RECORDS TO PROCESS Block Start

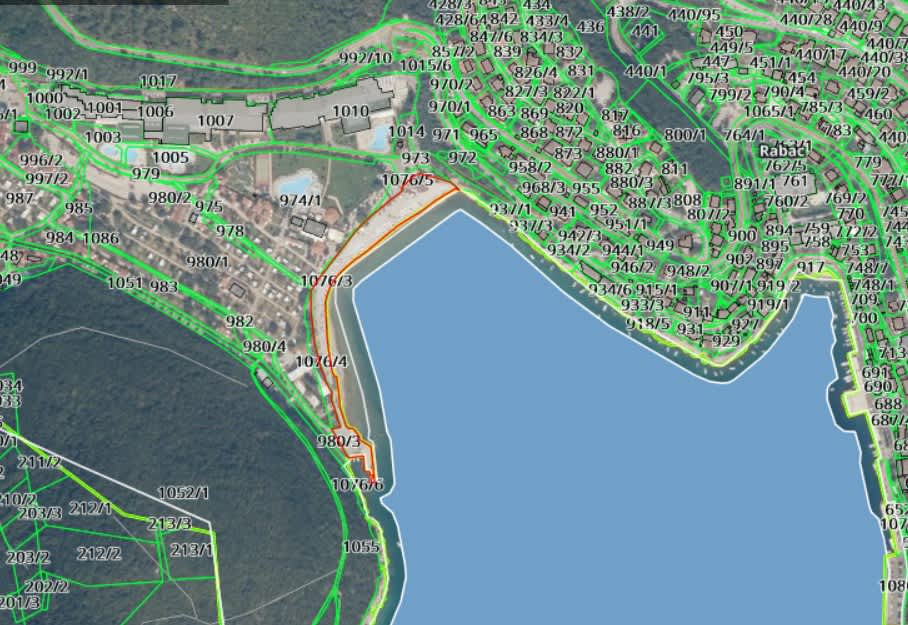 Plaža Maslinica u Rapcu (k.č.br. 1076/3 k.o. Rabac površine 7700 m2. Cijena 16.000)
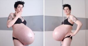 The picture is of a Spanish mother, Laura, four days before giving birth to healthy twins
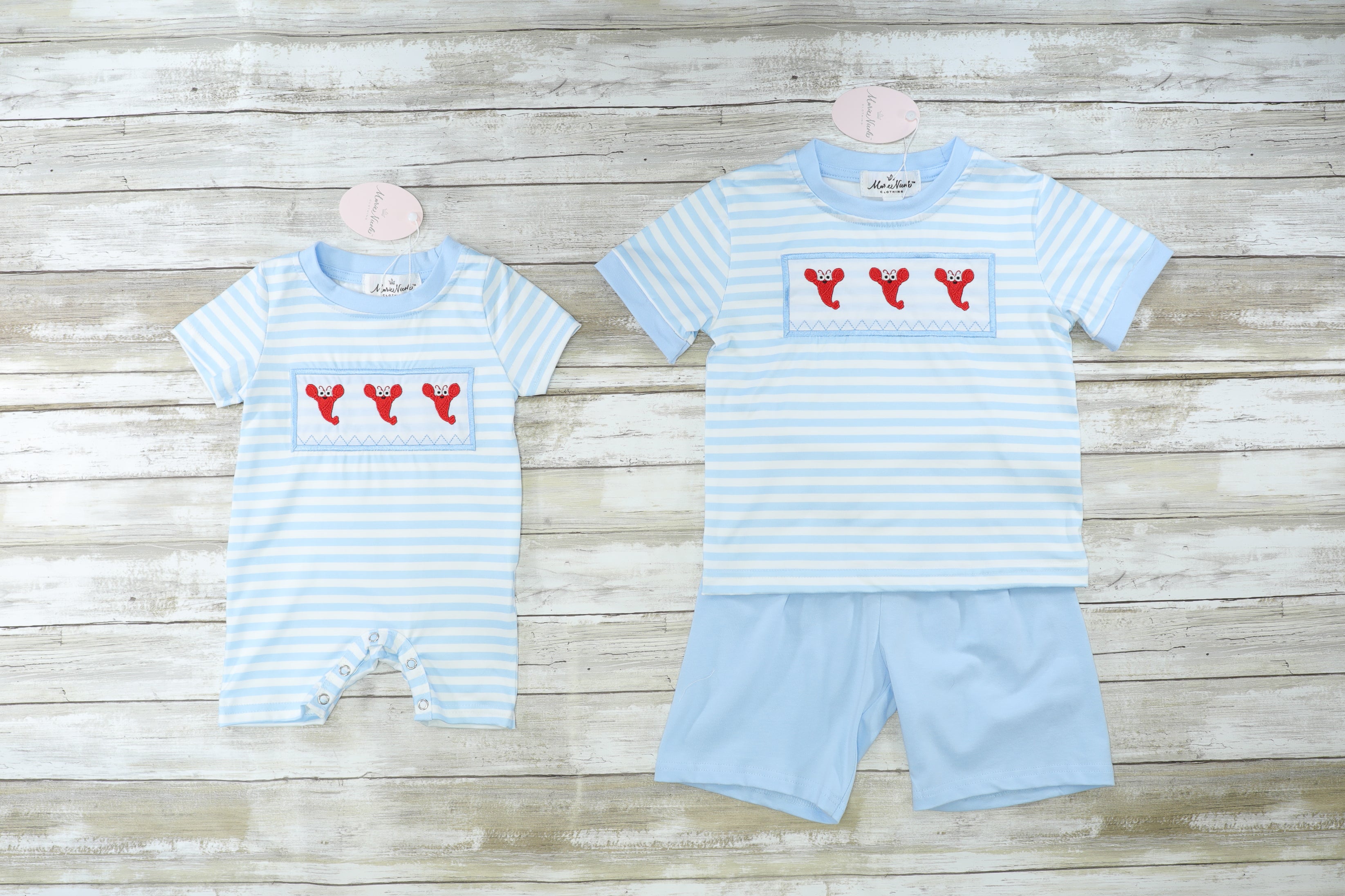 Lobsters don't share because they're SHELLFISH! Everyone in your group can wear one of these lobster smocked outfits. This sweet outfit is blue striped with a smocked lobster design.
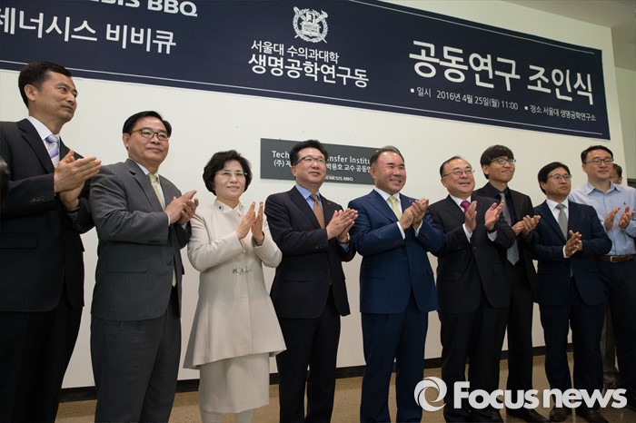 (서울=포커스뉴스) 25일 오전 서울 관악구 서울대학교 수의과대학 생명공학 연구동에서 열린 서울대-BBQ 공동연구 조인식에서 윤홍근(왼쪽 다섯째) 제너시스비비큐 그룹 회장과 박용호 서울대 수의과대학 교수가 현판식을 끝내고 박수를 치고 있다.
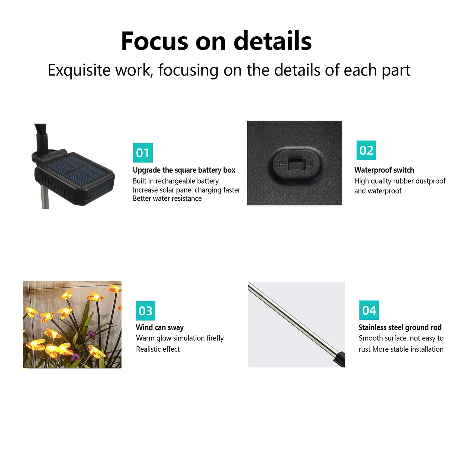 - Widely used in lawn, garden, courtyard, sidewalk decoration, etc. (There must be direct sunlight in the application scene)

RECORDS TO PROCESS Block End

Please produce an exact copy of the listing, omitting the pictures.

 Plaža Maslinica u Rapcu (k.č.br. 1076/3 k.o. Rabac površine 7700 m2. Cijena 16.000)
 The picture is of a Spanish mother, Laura, four days before giving birth to healthy twins
 Lobsters don't share because they're SHELLFISH! Everyone in your group can wear one of these lobster smocked outfits. This sweet outfit is blue striped with a smocked lobster design.
 (서울=포커스뉴스) 25일 오전 서울 관악구 서울대학교 수의과대학 생명공학 연구동에서 열린 서울대-BBQ 공동연구 조인식에서 윤홍근(왼쪽 다섯째) 제너시스비비큐 그룹 회장과 박용호 서울대 수의과대학 교수가 현판식을 끝내고 박수를 치고 있다.
 - Widely used in lawn, garden, courtyard, sidewalk decoration, etc. (There must be direct sunlight in the application scene)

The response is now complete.